I have 5 servers, all with similar hardware (i7, four 2tb 7200rpm drives, two 4tb 5400rpm drives, 430 watt power supply), and lately the machines have been freezing up. This has gotten worse in the last day or so, and I can't pinpoint any explanation. One recent change was adding the two 4tb hard drives. The crashes happen most often while running a large Hadoop job, so I was originally thinking the load was causing some issues, but last night one server just froze without any heavy load on the box (or so I think), other than HDFS (Hadoop's distributed file system) was probably rebalancing itself since two of the five nodes were offline.
If I plugin a monitor and keyboard to one of these frozen machines, I can't get any response or feedback on the screen.
Any ideas on possible points of failure and/or different logs I can look at to investigate? Thanks
Edit: The systems are running Ubuntu 10.04
Edit 2: More on hardware:
- intel core i7-930 bloomfield 2.8ghz processor (quad core)
- 12gb (6 x 2gb) kingston ddr3 1333 ram
- antec earthwatts green 430 power supply
- msi x58m lga 1366 motherboard
Edit 3: I pulled the two 4TB hard drives out temporarily to see if it helped with the crashing, and so far the servers are staying up, even under heavy Hadoop load. I will try the power meter soon to confirm if they are drawing too much power.
How many horse powers does my car need? I recently added 50 kg weight.
You see the problem? We do not know. YOU tell us.

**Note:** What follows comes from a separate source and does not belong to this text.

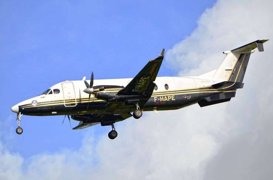 Een leuke Beech 1900D was de F-HAPE van PAN Europ�enne Air Services. (Adriaan

For example you talk so much about hard discs and Ubuntu, but do not say memory (uses power) and PROCESSOR. 430 watt is WAY too little for a high end processor - but may work for an atom. It may even work for a single processor, but not a dual - but you never tell us what you have.
Also, have you thought of just plugging a power meter in for a server? They are cheap and may tell you how much power you draw. I would just get a 15 USD Power meter and find out.
And yes, an overtaxes power supply can destabilize your server.